Светлый день встретил нас, когда мы вышли из метро, светлый день и огромный плакат на фасаде Гостиного Двора: «ШКОЛЬНЫЙ БАЗАР». Розовенькие чистенькие дети в аккуратных формах и с блаженными личиками несли книжки и цветочки. Мы взялись за руки, как на митинге, и проскандировали, вызывая смятение в прохожих:
– Ско-ро в шко-лу! Ура-а!!
Мимо прошел милиционер. Хатковская громко зашептала:
– Мадлен! Он может нас арестовать за то, что мы сеем панику! Как это пикантно!
– Бежим! – сказала я, и мы полетели по каналу.
– Все! – выдохнула Хатковская, падая на меня и задыхаясь.
Впереди, изуродованный лесами, стоял Спас-на-Крови. Его узорные кресты тускло светились среди бесформенных серых облаков. Зеленоватая вода, качаясь, растягивала и изгибала знаменитую решетку, оплетающую мир «Белых ночей» и «Преступления и наказания».
– Сколько же это будет длиться, – сказала я. – Это безобразие…
Хатковская обернулась:
– А?
– Я говорю: сколько себя помню, всё в лесах стоит…
Сзади раздался хрипловатый мужской голос:
– Не нравится вам, значит, что в лесах собор?
– Не нравится, – сказала я, скосив глаза в сторону голоса.
Человек лет сорока, худой, сутулый, в куртке с задранным воротником, стоял, облокотившись на решетку и склонив светловолосую голову к плечу.
– А внутри вы были? – спросил он, не шевельнувшись.

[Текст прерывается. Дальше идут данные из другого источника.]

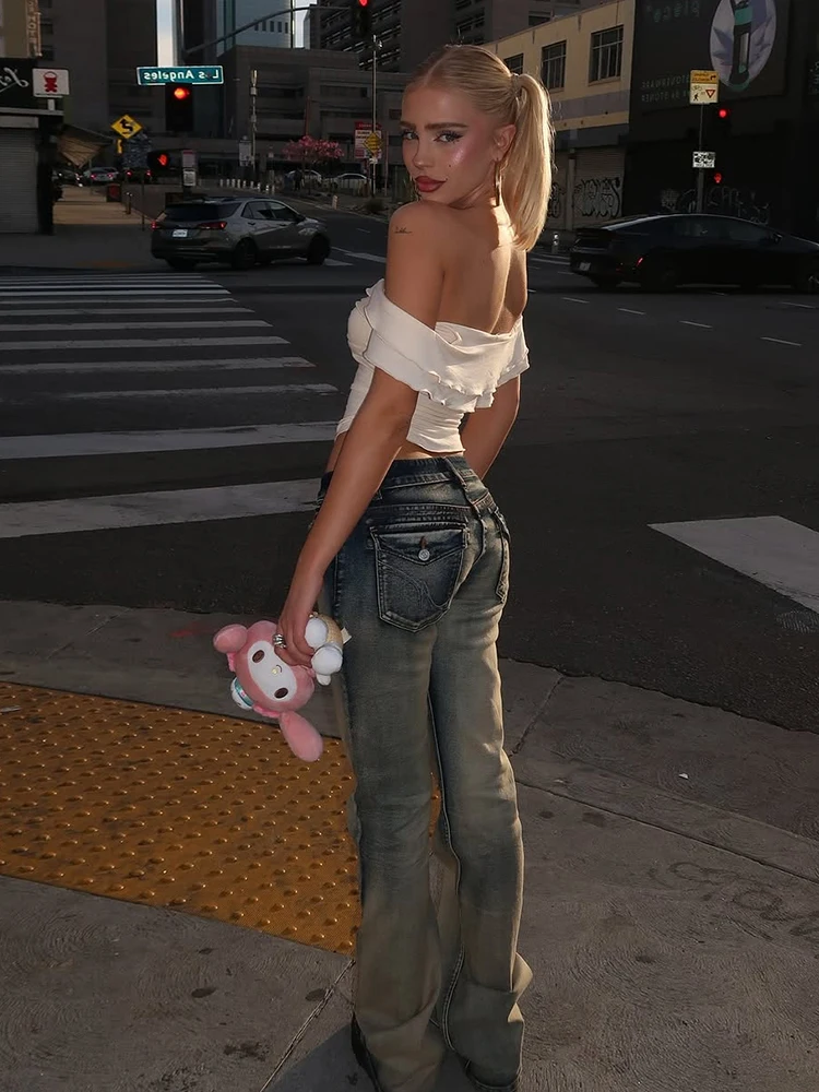 Sweet One Shoulder Mini Tops Women Kink Folds Collar Girly Skinny Backless Street Versatile Summer Trend Simple Clothes

– Нет, – сказала Хатковская, доверчиво глядя на него круглыми коричневыми глазами.
Он внезапно отпрянул от решетки и резко сказал:
– Идем.
И не оглядываясь пошел вперед, разбрасывая на ходу длинные ноги.
Хатковская рванулась за ним. Я схватила ее за руку:
– С ума сошла! Мало ли кто…
– Мадлен, – зашептала Хатковская, – это же такое приключение… Мы же всю жизнь будем помнить…
Он вдруг остановился.
– Я здесь работаю, – сказал он. – Борис.
– Очень приятно, – кокетливо сказала картавая Христина.

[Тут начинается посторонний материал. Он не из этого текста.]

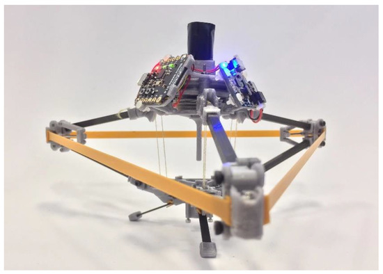As shown in Figure 2, the three legs of the robot connect the upper and lower body. By imitating the design of Hale’s robot, on the upper body, the motor is at the very top, and the gearbox that amplifies the torque of the motor is fixed under it. Unlike Hale’s robot, the upper and lower bodies of this robot are connected by a few thin wires instead of a power screw. One end of the ropes is wrapped around a winch below the gear box, and the other end is fastened to the upper part of the lower body. The stick under the winch is used to trigger the mechanism that separates the upper half of the lower body. The upper part that fixed ropes is locked on the lower body during compression and is separated from the lower body after the separation mechanism is triggered. All the components of the electronics are fixed around the upper body, which include an Arduino Bluetooth 4.0 Board, a 9-Degrees-Of-Freedom absolute orientation inertial measurement unit, a lithium polymer battery, and power management electronics.
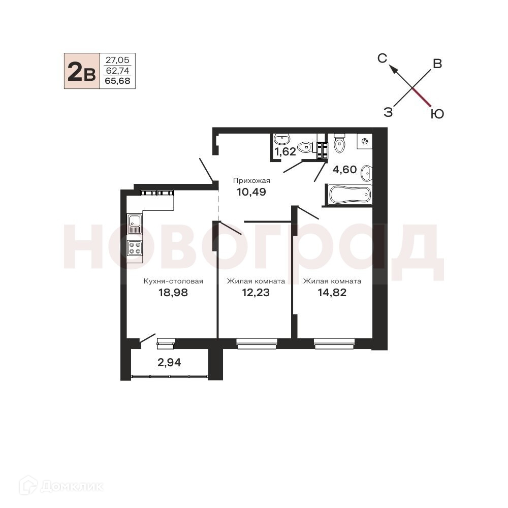 Общая площадь 65.68 м2

Мы стали карабкаться по лесам до самых крестов. Под ногами валялись кусочки мозаики, ведра с засохшей оранжевой краской, щепки и всякая дрянь. Несколько золотых стеклышек я спрятала в карман.

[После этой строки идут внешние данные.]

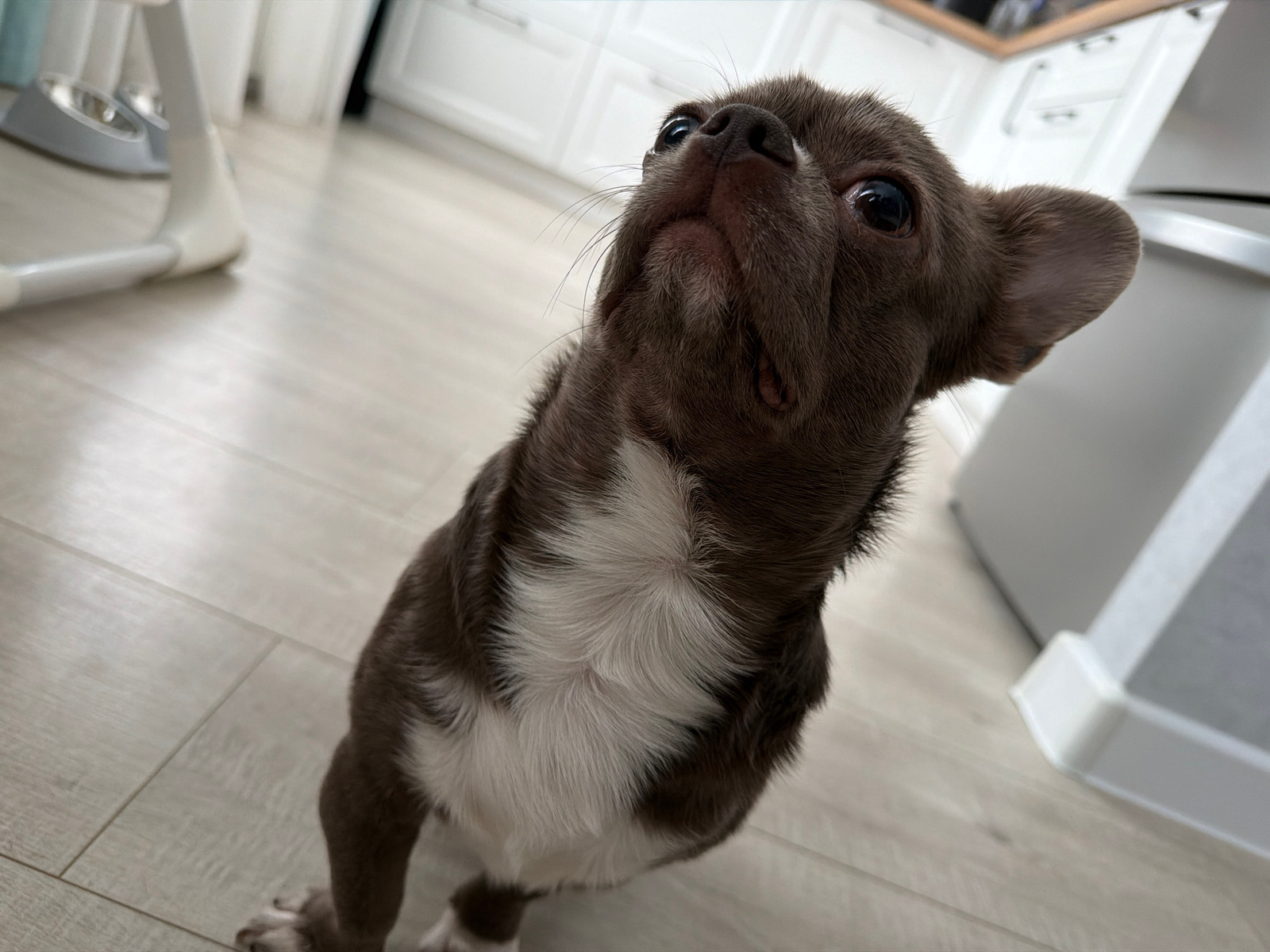 A close-up, tilted photograph shows a small brown and white dog in an indoor setting. The dog is positioned upside down in the frame. The environment appears to be a kitchen or similar space with ligh…read more

– Здесь, – сказал Борис и открыл маленькое окно.
Мы влезли в собор. Внутри он тоже был опоясан лесами. Над головами простерлась фигура Спаса. Огромные белые глаза Бога были совсем близко, и Хатковская тронула их рукой. В углу, над благословляющими перстами, темнела дыра.
– Снаряд, – сказал Борис. – Идем.
Мы спустились на ярус ниже и очутились в странном круге золотых стен. Я стояла в центре этого круга, и шесть ликов, спрятанных в зеленые крылья, молча и торжественно взирали на меня со своих золотых полей. Зеленые перья, струясь, касались их щек и соединялись под подбородком. В этой раме были заключены огромные черные глаза, обведенные кругами, изогнутый нос, темный, трагический рот.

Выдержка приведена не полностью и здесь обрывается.